“The Vestdijk as an underpass is necessary. It’s now or never!”
All around the world, initiatives are arising to make cities smarter, more accessible and at the same time more sustainable. Eindhoven doesn’t seem to lead in this type of “Quality of Life” and that is the reason for E52 to dive into this topic in the run-up to the municipal elections of March 2018. What are the backgrounds, what is achievable, what is minimally necessary, where are the solutions? Today, Rudy Reker argues that the Vestdijk needs an underpass. Comments are welcome, both under this article and in separate contributions.
By Rudy Reker, fractievoorzitter Lijst Pim Fortuyn
Short review.
Eindhoven originated on an elevated site between the streams the Dommel and the Gender. The city center of Eindhoven, with the Markt in the center, is originally a small area, located between what we now call the Emmasingel, Keizersgracht, Wal, the Dommel and the Vestdijk. The current inner ring road. Because of the historical road structure, the areas the Bergen, the Dommelkwartier, the railroad and the Station have always been separated from the center by the inner ring road. But time is not standing still. There are several factors that have gone to play a role in the recent past.
1920
The independent villages Woensel, (Acht) Strijp, Gestel, Stratum and Tongelre were annexed by Eindhoven in 1920. The number of inhabitants of the city Eindhoven grew steadily. In 1954, the 150,000th inhabitant of Eindhoven was born in Strijp. There was a lot of building around the inner city, making the shopping and entertainment area even bigger, although it was cut off from the city center by the inner ring road. The traffic intensity on the inner ring road was greatly increased, partly due to the prosperity after the second world war, the population growth of our city and the absence of an alternative route.
2017
The number of inhabitants of Eindhoven has grown by over 50% in 63 years to over 227,000. This number will increase to approximately 700,000 in the coming decades, when the reorganization of the surrounding regional municipalities has become a reality. It may still take 10, 20 or 30 years, but stopping it is going to be impossible in the long run because all suburbs have to do with each other. Think about the infrastructure, industrial parks and also the increasingly complex administrative procedures. Eindhoven currently functions as a center municipality that we now summarize with the name Metropolitan Region.
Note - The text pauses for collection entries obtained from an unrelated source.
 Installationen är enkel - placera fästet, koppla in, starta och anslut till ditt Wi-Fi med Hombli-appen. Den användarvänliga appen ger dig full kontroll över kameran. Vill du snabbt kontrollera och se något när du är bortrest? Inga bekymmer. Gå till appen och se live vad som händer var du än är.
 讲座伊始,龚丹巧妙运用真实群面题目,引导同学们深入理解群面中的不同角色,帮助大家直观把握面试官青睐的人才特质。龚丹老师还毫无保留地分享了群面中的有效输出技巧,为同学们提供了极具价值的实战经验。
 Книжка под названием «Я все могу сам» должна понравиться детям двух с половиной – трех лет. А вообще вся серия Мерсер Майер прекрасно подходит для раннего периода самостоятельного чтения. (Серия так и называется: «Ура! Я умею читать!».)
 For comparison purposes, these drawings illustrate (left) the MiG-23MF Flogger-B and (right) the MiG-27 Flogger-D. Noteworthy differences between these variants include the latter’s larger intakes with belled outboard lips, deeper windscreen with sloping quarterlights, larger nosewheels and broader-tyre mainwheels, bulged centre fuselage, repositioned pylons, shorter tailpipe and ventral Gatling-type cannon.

The accessibility of Eindhoven is strongly under pressure
By closing roads in and outside of our city, which happened under the current college of PvdA, D66, SP and GroenLinks, you don’t achieve the result you had in mind. Traffic finds its own way through roads that are less suitable with the undesirable consequence that air pollution moves to neighborhoods where more people live. Moreover, this is detrimental to the accessibility of the city center, which causes shops and catering businesses to miss out on clientele.
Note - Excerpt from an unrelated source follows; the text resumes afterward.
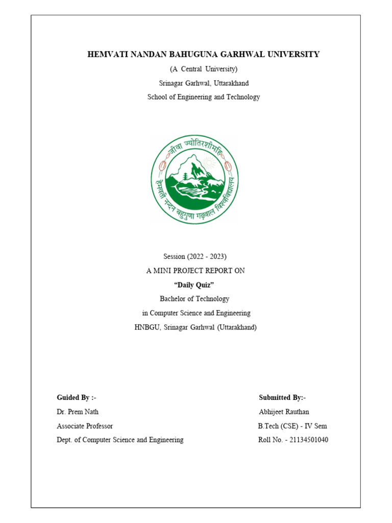 University), Srinagar (Garhwal), Uttarakhand, submit this project report entitled “Daily
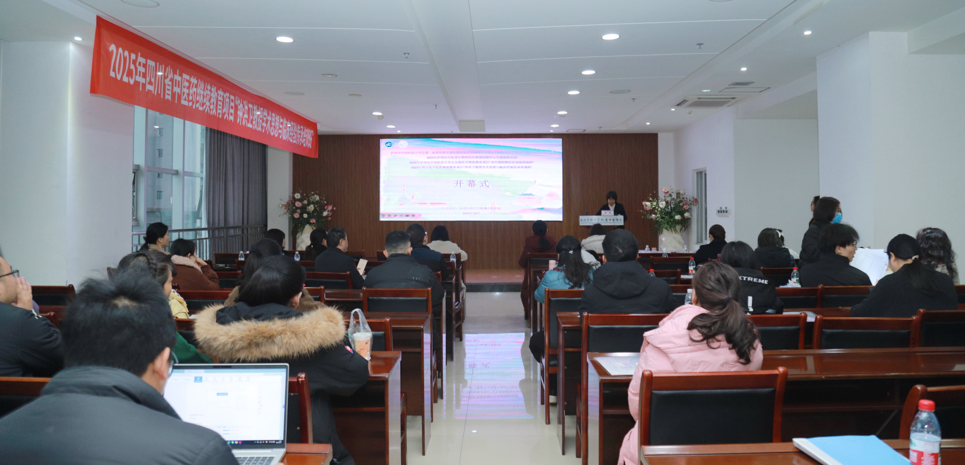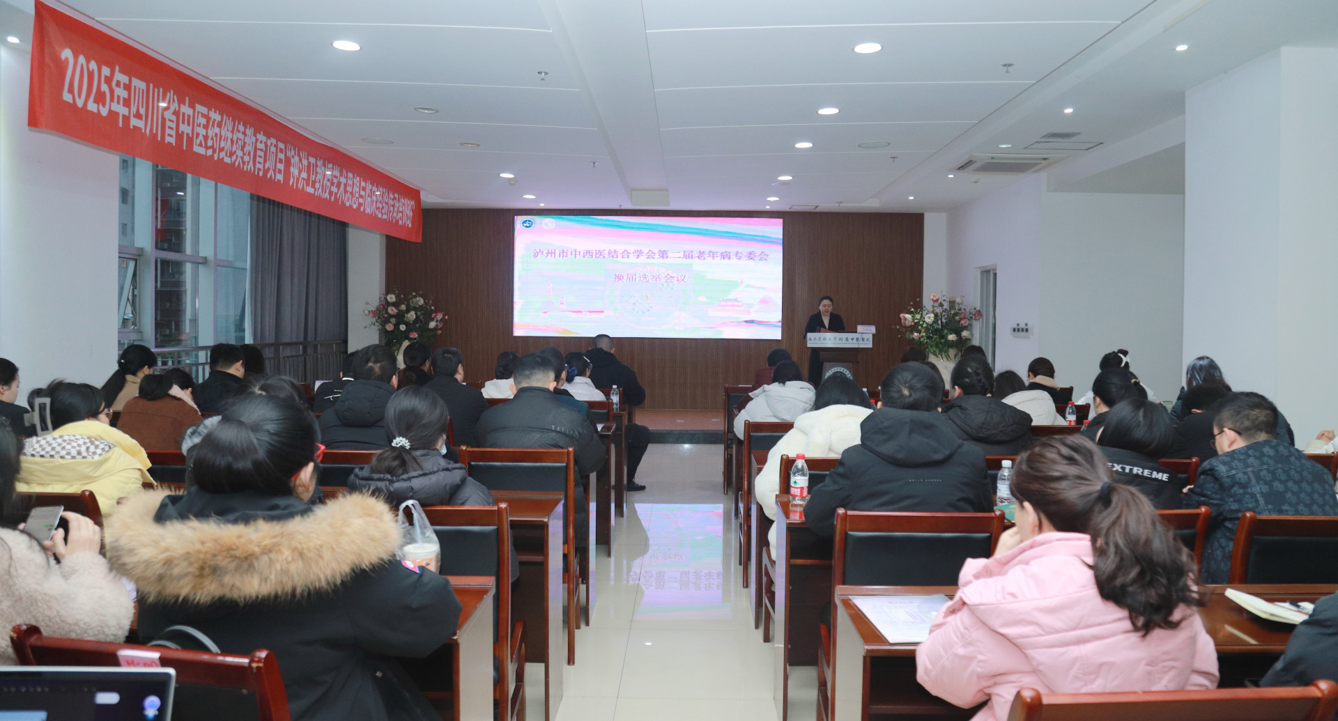12月13日,我院举行了泸州市中西医结合学会第二届老年病专委会换届选举暨2025年泸州市中西医结合学会老年病专委会学术年会、2025年泸州市中医老年病科医疗质量控制中心年度质控会议、2025年泸州市中西医结合学会市级医学继续教育项目“老年慢阻肺诊治进展培训班”、2025年四川省中医药继续教育项目“钟洪卫教授学术思想与临床经验传承培训班”。泸州市中西医结合学会会长、我院院长汪国友,授课专家及老年病专委会全体委员等参加了会议。

At the start of their coalition period, the current college already made a capital mistake by, with a single stroke of a pen, destroying the Grote Ruit around Eindhoven, which has been worked on for over 10 years. It’s still noticeable every day, in a negative way. An accident on the A2/A58/A67 highways around Eindhoven closes the entire region. We shouldn’t want that. A good accessibility doesn’t stop at the municipal border. A good regional cooperation is necessary, now more than ever.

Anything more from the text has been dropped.